When faced with a geometric problem, AlphaGeometry’s LLM evaluates numerous possibilities and predicts structures critical to problem solving. These predictions serve as valuable clues, guiding the symbolic engine to accurate conclusions and closer to a solution. This innovative approach enables AlphaGeometry to tackle complex geometric challenges that extend beyond conventional scenarios.
An important improvement in AlphaGeometry 2 is the integration of the Gemini LLM. This model is trained from the ground up on significantly more synthetic data than its predecessor. This extensive training allows him to tackle more difficult geometry problems, including problems involving object motion and equations of angles, ratios or distances. In addition, AlphaGeometry 2 features a symbolic engine that runs two orders of magnitude faster, allowing alternative solutions to be explored at unprecedented speed. These improvements make AlphaGeometry 2 a powerful tool for solving complex geometry problems, setting a new standard in the field.
AlphaProof and AlphaGeometry 2 at IMO
This year, participants at the International Mathematical Olympiad (IMO) were tested on six different problems: two in algebra, one in number theory, one in geometry and two in combinatorics. Google researchers translated converted these problems into formal mathematical language for AlphaProof and AlphaGeometry 2. AlphaProof tackled two algebra problems and one number theory problem, including the competition’s most difficult problem, which was solved by just five human participants this year. Meanwhile, AlphaGeometry 2 successfully solved the geometry problem, although it did not solve the two combinatorial challenges
Each problem at the IMO is worth seven points, for a maximum of 42. AlphaProof and AlphaGeometry 2 earned 28 points and achieved perfect scores for the problems they solved. This placed them at the top of the silver medal category. The gold medal threshold this year was 29 points, achieved by 58 of the 609 participants.
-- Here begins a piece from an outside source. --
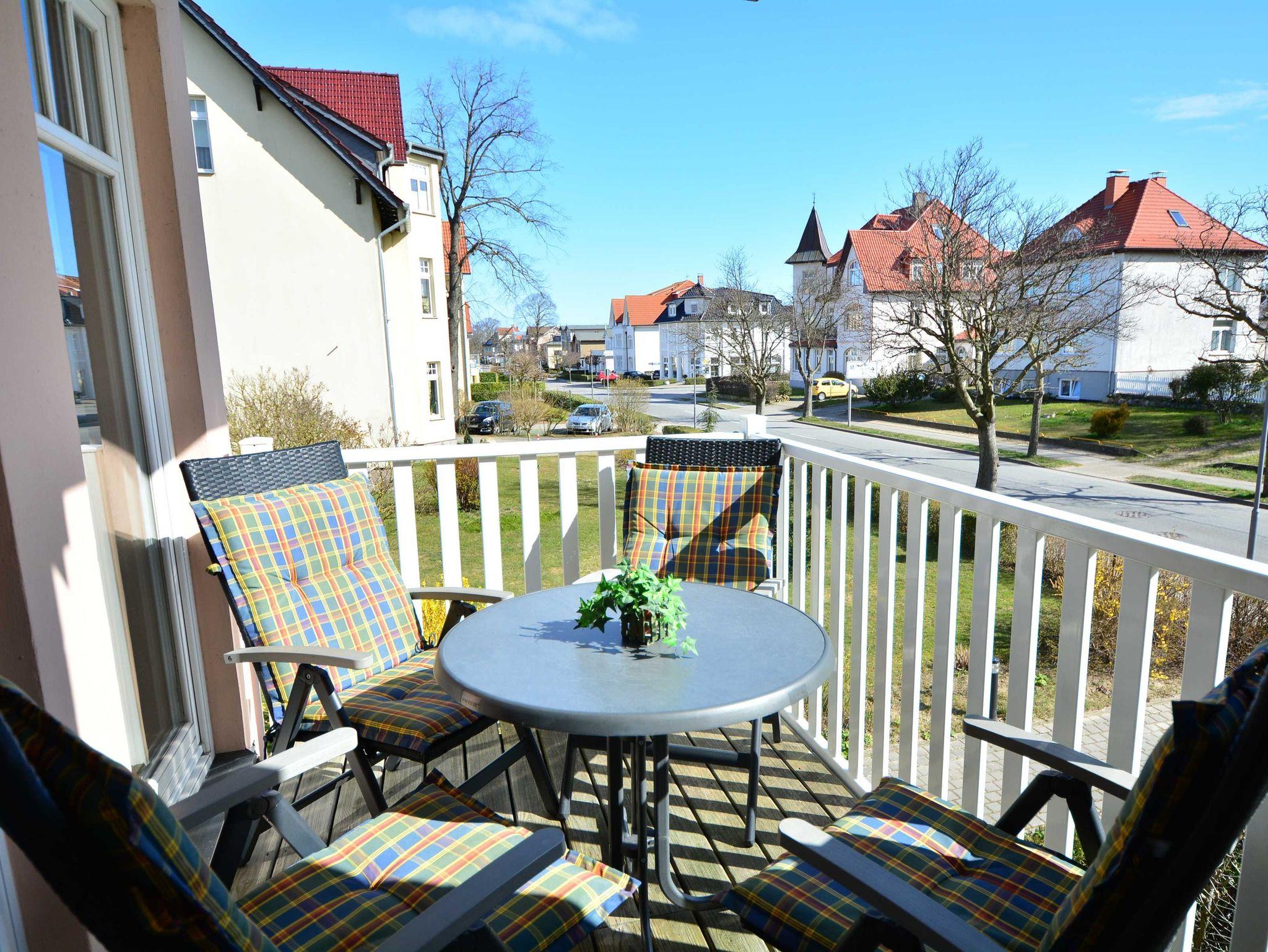 Vom Wohnbereich betreten Sie den möblierten Balkon, der nach Norden und Osten ausgerichtet ist. Hier können Sie Ihr Frühstück in der Morgensonne genießen oder einfach Sonne tanken und relaxen.

Next jump: natural language for math challenges
AlphaProof and AlphaGeometry 2 have shown impressive advances in AI’s mathematical problem-solving capabilities. However, these systems still rely on human experts to translate mathematical problems into formal language for processing. Furthermore, it is unclear how these specialized mathematical skills might be integrated into other AI systems, such as for exploring hypotheses, testing innovative solutions to long-standing problems, and efficiently managing time-consuming aspects of proof.
To overcome these limitations, Google researchers are developing a natural language reasoning system based on Gemini and their latest research. This new system aims to promote problem-solving skills without the need for formal language translation, and is designed to integrate smoothly with other AI systems.
It comes down to
The performance of AlphaProof and AlphaGeometry 2 at the International Mathematical Olympiad is a remarkable leap forward in AI’s ability to tackle complex mathematical reasoning. Both systems performed at silver medal level by solving four of the six challenging problems, demonstrating significant progress in formal proof and geometric problem solving. Despite their performance, these AI systems still rely on human input to translate problems into formal language and face challenges in integrating with other AI systems. Future research aims to further improve these systems, possibly integrating natural language reasoning to extend their capabilities across a wider range of mathematical challenges.